YouTube already frowns on challenges and pranks that put people at risk, but it's making that policy more explicit in light of the recent rise of Bird Box-inspired dares. The service has updated its guidelines to directly ban all challenges and pranks that are dangerous or harmful, including activities that cause "severe emotional distress" for kids or make any target think they're in "serious physical danger." There will be a two-month grace period where YouTube won't apply a strike against channels that violate the policy, although it'll still remove any offending videos posted before or during that period.

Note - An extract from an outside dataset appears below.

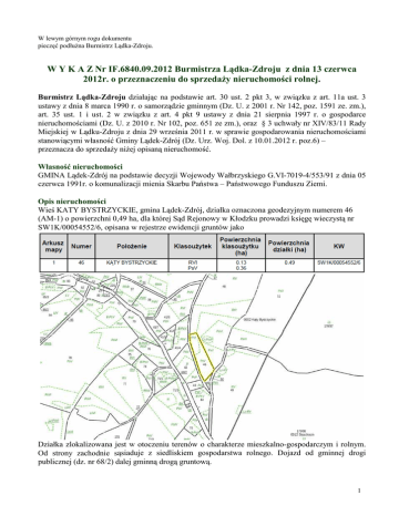 W lewym górnym rogu dokumentu pieczęć podłużna Burmistrz Lądka-Zdroju. W Y K A Z Nr IF.6840.09.2012 Burmistrza Lądka-Zdroju z dnia 13 czerwca 2012r. o przeznaczeniu do sprzedaży nieruchomości rolnej. Burmistrz Lądka-Zdroju działając na podstawie art. 30 ust. 2 pkt 3, w związku z art. 11a ust. 3 ustawy z dnia 8 marca 1990 r. o samorządzie gminnym (Dz. U. z 2001 r. Nr 142, poz. 1591 ze. zm.), art. 35 ust. 1 i ust. 2 w związku z art. 4 pkt 9 ustawy z dnia 21 sierpnia 1997 r. o gospodarce nieruchomościami (Dz. U. z 2010 r. Nr 102, poz. 651 ze zm.), oraz § 3 uchwały nr XIV/83/11 Rady Miejskiej w Lądku-Zdroju z dnia 29 września 2011 r. w sprawie gospodarowania nieruchomościami stanowiącymi własność Gminy Lądek-Zdrój (Dz. Urz. Woj. Dol. z 10.01.2012 r. poz.6) – przeznacza do sprzedaży niżej opisaną nieruchomość. Własność nieruchomości GMINA Lądek-Zdrój na podstawie decyzji Wojewody Wałbrzyskiego G.VI-7019-4/553/91 z dnia 05 czerwca 1991r. o komunalizacji mienia Skarbu Państwa – Państwowego Funduszu Ziemi. Opis nieruchomości Wieś KATY BYSTRZYCKIE, gmina Lądek-Zdrój, działka oznaczona geodezyjnym numerem 46 (AM-1) o powierzchni 0,49 ha, dla której Sąd Rejonowy w Kłodzku prowadzi księgę wieczystą nr SW1K/00054552/6, opisana w rejestrze ewidencji gruntów jako Działka zlokalizowana jest w otoczeniu terenów o charakterze mieszkalno-gospodarczym i rolnym. Od strony zachodnie sąsiaduje z siedliskiem gospodarstwa rolnego. Dojazd od gminnej drogi publicznej (dz. nr 68/2) dalej gminną drogą gruntową. 1 Przeznaczenie w planie zagospodarowania przestrzennego Zgodnie z ustaleniami planu zagospodarowania przestrzennego miejscowości Kąty Bystrzyckie uchwalonego uchwałą Nr XIII/157/03 Rady Miejskiej w Lądku- Zdroju z dnia 25 września 2003 r. (Dz. Urz. Woj. Dol. Nr 30, poz.526 z 13.02.2004 r.) przedmiotowa działka wchodzi w skład większego terenu oznaczonego symbolem RO. Tereny oznaczone symbolem przeznaczenia RO przeznacza się na następujące funkcje odnoszące się do zagospodarowania: produkcja rolna, sadownicza lub ogrodnicza z wyłączeniem przedsięwzięć, dla których raport oddziaływania przedsięwzięcia na środowisko jest lub może być wymagany, łąki, pastwiska, nieużytki, lasy, niezbędne obiekty infrastruktury technicznej i komunikacyjnej, w tym drogi publiczne klasy drogi lokalnej lub dojazdowej, trasy turystyczne, punkty widokowe, ścieżki rowerowe, wody powierzchniowe oraz inne zrealizowane przed wejściem planu w życie, o ile są zgodne z przepisami szczególnymi. Pełny tekst planu zagospodarowania przestrzennego znajduje się na stronie: http://bip.ug-ladekzdroj.dolnyslask.pl/dokument.php?iddok=181&idmp=51&r=r Cena nieruchomości 32.000 zł. (słownie: trzydzieści dwa tysiące złotych) Podatek VAT Zgodnie z obowiązującym art. 43 ust. 1 pkt 9 ustawy z dnia 11 marca 2004 r. o podatku od towarów i usług (j.t. Dz. U z 2011 r. Nr 177, poz. 1054 ze zm.).) zwalnia się od podatku dostawę terenów niezabudowanych innych niż tereny budowlane oraz przeznaczone pod zabudowę, tak więc sprzedaż nieruchomości rolnej podlega również zwolnieniu od podatku VAT. Obciążenia Nieruchomość jest wolna od obciążeń i zadłużeń, nie jest obciążona ograniczonymi prawami rzeczowymi, ani ograniczeniami w rozporządzaniu. Nie istnieją żadne nie wykonane roszczenia prywatno-prawne osób trzecich. Nieruchomość nie była przedmiotem umów zobowiązaniowych a nadto nie toczą się żadne postępowania administracyjne lub sądowe, których byłaby przedmiotem. 2 Koszty i opłaty Koszty związane z przygotowaniem nieruchomości do sprzedaży zostały wliczone do ceny wywoławczej. Natomiast wszelkie koszty związane z zawarciem umowy notarialnej przenoszącej własność jak: taksa notarialna wraz z podatkiem VAT, opłaty sądowe i opłaty za wypisy aktu notarialnego obciążają nabywcę. Uwagi 1) Sprzedaż nieruchomości odbywa się według stanu prawnego uwidocznionego w ewidencji gruntów. Gmina Lądek Zdrój nie ponosi odpowiedzialności za ewentualne późniejsze zmiany powierzchni czy klasyfikacji gruntów wynikłe na skutek prowadzenia prac geodezyjnych. 2) Nadto, sprzedaż odbywa się w stanie istniejącego uzbrojenia podziemnego i naziemnego terenu, określonego w dniu sprzedaży tej nieruchomości na mapie zasadniczej prowadzonej przez Powiatowy Ośrodek Dokumentacji Geodezyjnej i Kartograficznej w Kłodzku, który nie wyklucza istnienia w terenie innych, nie wykazanych na mapie budów i urządzeń podziemnych, które nie były zgłoszone do inwentaryzacji lub o których brak jest informacji w instytucjach branżowych, przy czym w przypadku związanych z tym faktem ewentualnych kolizji projektowych nabywca przeniesie stosowne media na własny koszt, po dokonaniu przewidzianych prawem uzgodnień i uzyskaniu pozwoleń. 3) Geodezyjne okazanie granic przez uprawnionego geodetę może nastąpić na wniosek nabywcy za dodatkowa opłatą. Procedura sprzedaży Wykaz wywiesza się na okres 21 dni, tj. od dnia 13 czerwca 2011r. do dnia 04 lipca 2012r. w siedzibie Urzędu Miasta i Gminy w Lądku-Zdroju przy ul. Rynek 31, a także informacja o jego wywieszeniu będzie podana do publicznej wiadomości przez ogłoszenie w prasie lokalnej – Tygodnik Powiatowy Euroregio Glacensis oraz na stronach internetowych tut. Urzędu www.ladek.pl i w Biuletynie Informacji Publicznej w zakładce-Nieruchomości komunalne. Ustala się 6-cio tygodniowy termin (licząc od dnia wywieszenia wykazu) do złożenia wniosku przez osoby, którym przysługuje pierwszeństwo w nabyciu nieruchomości na podstawie art. 34, ust. 1, pkt. 1 i 2 ustawy o gospodarce nieruchomościami. Pierwszeństwo przysługuje osobie, która spełnia jeden z następujących warunków: 1) przysługuje jej roszczenie o nabycie nieruchomości z mocy ustawy o gospodarce nieruchomościami lub odrębnych przepisów, jeżeli złoży wniosek o nabycie przed upływem terminu ok

The tougher rules come just a few days after a teenager crashed a car while attempting the Bird Box challenge, which has people trying to navigate blindfolded like characters in Netflix's movie of the same name. However, it really reflects the culmination of ongoing issues with challenges and pranks. YouTube had to pull Tide Pod challenge videos in early 2018, while parents lost custody of kids in 2017 after performing a string of apparently cruel pranks. They claimed the pranks were fake and that the children were in on the gag, but that wouldn't necessarily fly regardless -- YouTube is concerned as much about what it looks like as what's actually happening.

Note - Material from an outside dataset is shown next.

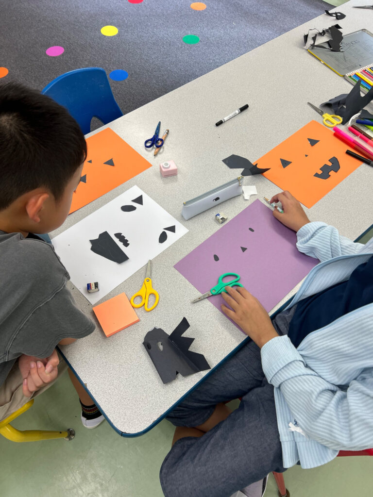 子ども達はA4用紙を使って、おなじみのハロウィンのモンスターを作りました。体のパーツや飾りをつけて、工作を完成させました!

On top of this update, YouTube is now threatening strikes against channels that "egregiously" violate policies with their videos' thumbnail images or web links, even if the videos themselves are innocuous. Users who rack up multiple strikes will lose their access to custom thumbnails, and those who get three strikes in 90 days will lose their accounts altogether. The two-month grace period applies to these changes as well. The message is clear, at any rate: YouTube doesn't want creators to abuse the system by piggybacking clearly objectionable material on top of otherwise safe clips.

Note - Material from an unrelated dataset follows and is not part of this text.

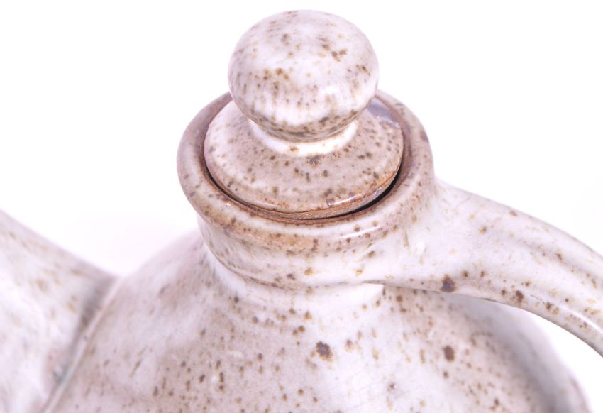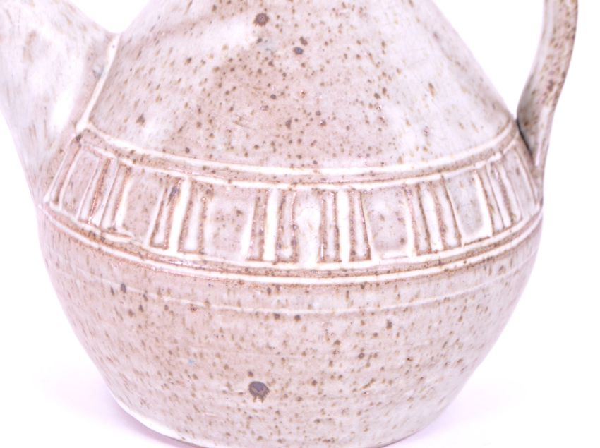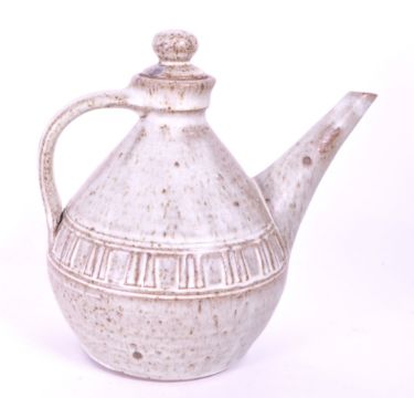 Eric Golding for Branscombe Pottery - A vintage 20th century studio art pottery teapot in earthenware tones with banded detailing. Shaped spout and handle. Impressed maker's marks below the handle. Measures approx. 23cm x 21cm.

Update 1/16 2:40PM ET: YouTube tells Engadget this wasn't in response to a specific challenge, and has been in the works for months. We've also learned that the Bird Box challenge isn't explicitly banned by itself, and some videos will remain. Rather, the company is mainly concerned with videos that show children either hurt or in dangerous situations. If a video doesn't go too far but might not be suitable for kids, YouTube will apply age restrictions.